Title
Transcoding by std::formatter<std::filesystem::path>
Status
open
Section
[fs.path.fmtr.funcs]
Submitter
Jonathan Wakely

Created on 2024-04-19.00:00:00 last changed 2 weeks ago

Messages

Date: 2025-06-16.05:19:19

Proposed resolution:

This wording is relative to N5008.

  1. Modify [fs.path.fmtr.funcs] as indicated:

    
    template<class FormatContext>
      typename FormatContext::iterator
        format(const filesystem::path& p, FormatContext& ctx) const;
    

    -5- Effects: Let `s` be p.generic_string<filesystem::path::value_type>() if the `g` option is used, otherwise `p.native()`. Writes `s` into `ctx.out()`, adjusted according to the path-format-spec. If `charT` is `char`, `path::value_type` is `wchar_t`, and the ordinary literal encoding is UTF-8, then the escaped path (possibly escaped) string is transcoded from the native encoding for wide character strings to UTF-8 with maximal subparts of ill-formed subsequences substituted with u+fffd replacement character per the Unicode Standard, Chapter 3.9 u+fffd Substitution in Conversion. If `charT` and `path::value_type` are the same then no transcoding is performed. Otherwise, transcoding is implementation-defined.

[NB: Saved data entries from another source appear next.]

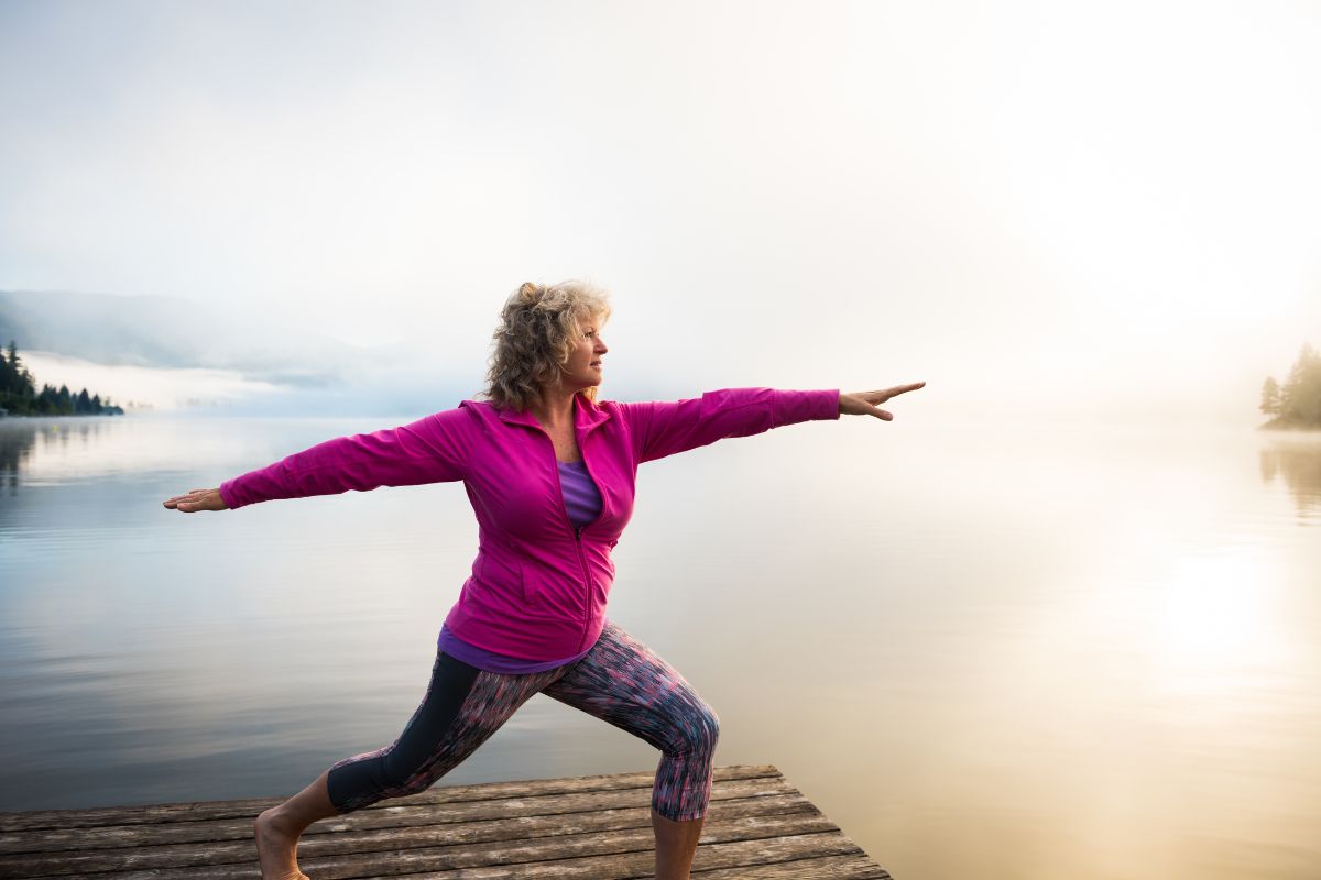Ausatmen: Entspanne in dieser Haltung. SpĂŒre das Loslassen â als wĂŒrdest du den Pfeil fortschicken.
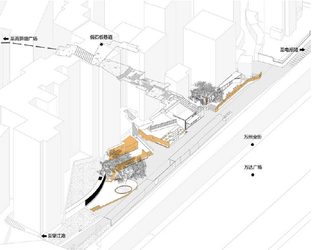 项目设计的具体方法是运用景观背景墙来连接场所间的记忆,以点状商业来代替片状底商模式,增加场地功能,激活空间日常生活,为儿童提供安全的活动场所。
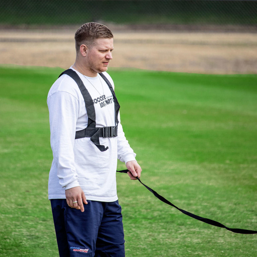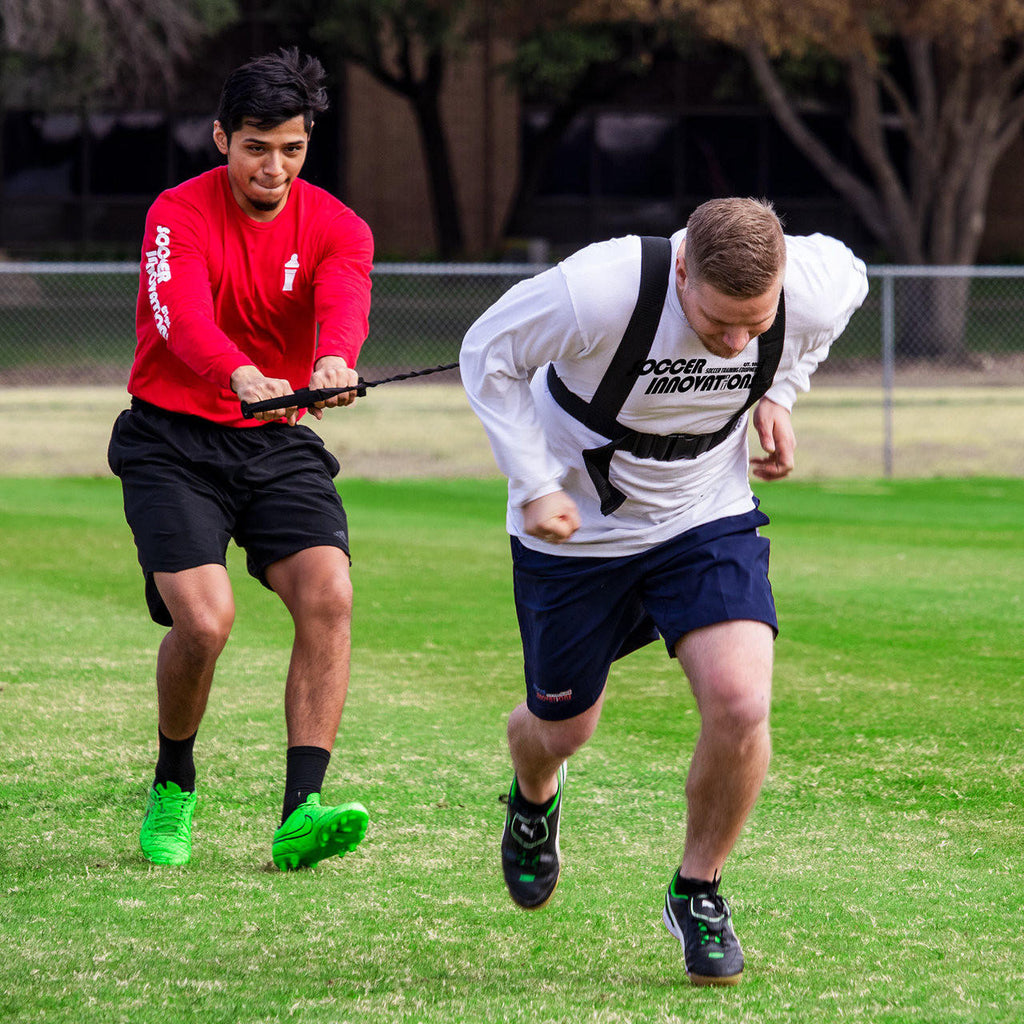 El cinturón de arnés Speed Resistor de Soccer Innovations es una herramienta revolucionaria que mejora la fuerza de la parte superior e inferior del cuerpo, así como la velocidad, la agilidad y la rapidez (SAQ). ¡Es como tener un trineo portátil sin la molestia de cargar pesas! Al entrenar con un compañero, entrenador o padre/madre, el arnés pectoral acolchado de neopreno crea la resistencia perfecta para el jugador. Además, el asa acolchada para dos manos al final de la correa garantiza la máxima comodidad durante los entrenamientos. Mejora tu juego con el cinturón de arnés Speed Resistor de Soccer Innovations .
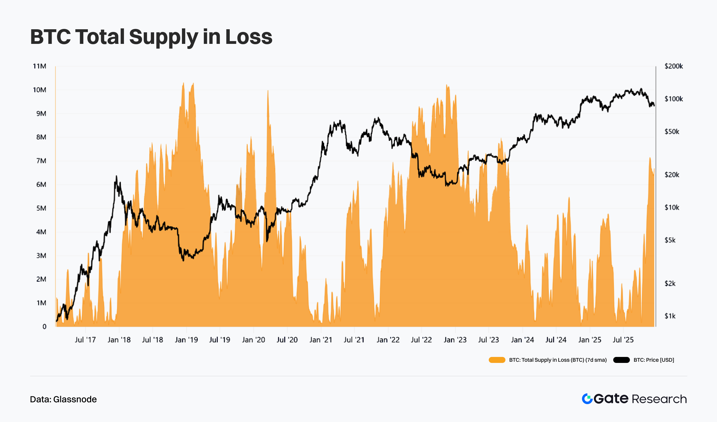 According to Glassnode data, BTC’s unrealized loss supply (7-day moving average) has increased noticeably over the past month as prices retreated from recent highs. This indicates that a portion of short-term and momentum-driven supply has moved into unrealized loss territory, raising near-term pressure. However, in absolute terms, unrealized losses remain well below the peaks observed during prior deep corrections or bear markets and have not reached levels associated with systemic panic. Instead, the current rise reflects a post-rally stress test and cooling sentiment.【6】
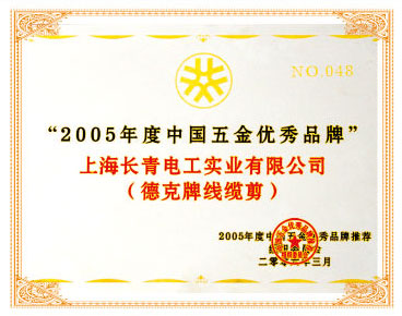 资质名称: 2005年度中国五金优秀品牌 |

  2. Modify the entry in the index of implementation-defined behavior as indicated:
    transcoding of a formatted `path` when `charT` and `path::value_type` differ and the ordinary literal encoding is not UTF-8
Date: 2025-06-15.00:00:00

[ 2025-06-11; SG16 comments and improves wording ]

The "and not converting from `wchar_t` to UTF-8" wording added in the index of implementation-defined behavior by the current proposed resolution should be changed to "and the literal encoding is not UTF-8".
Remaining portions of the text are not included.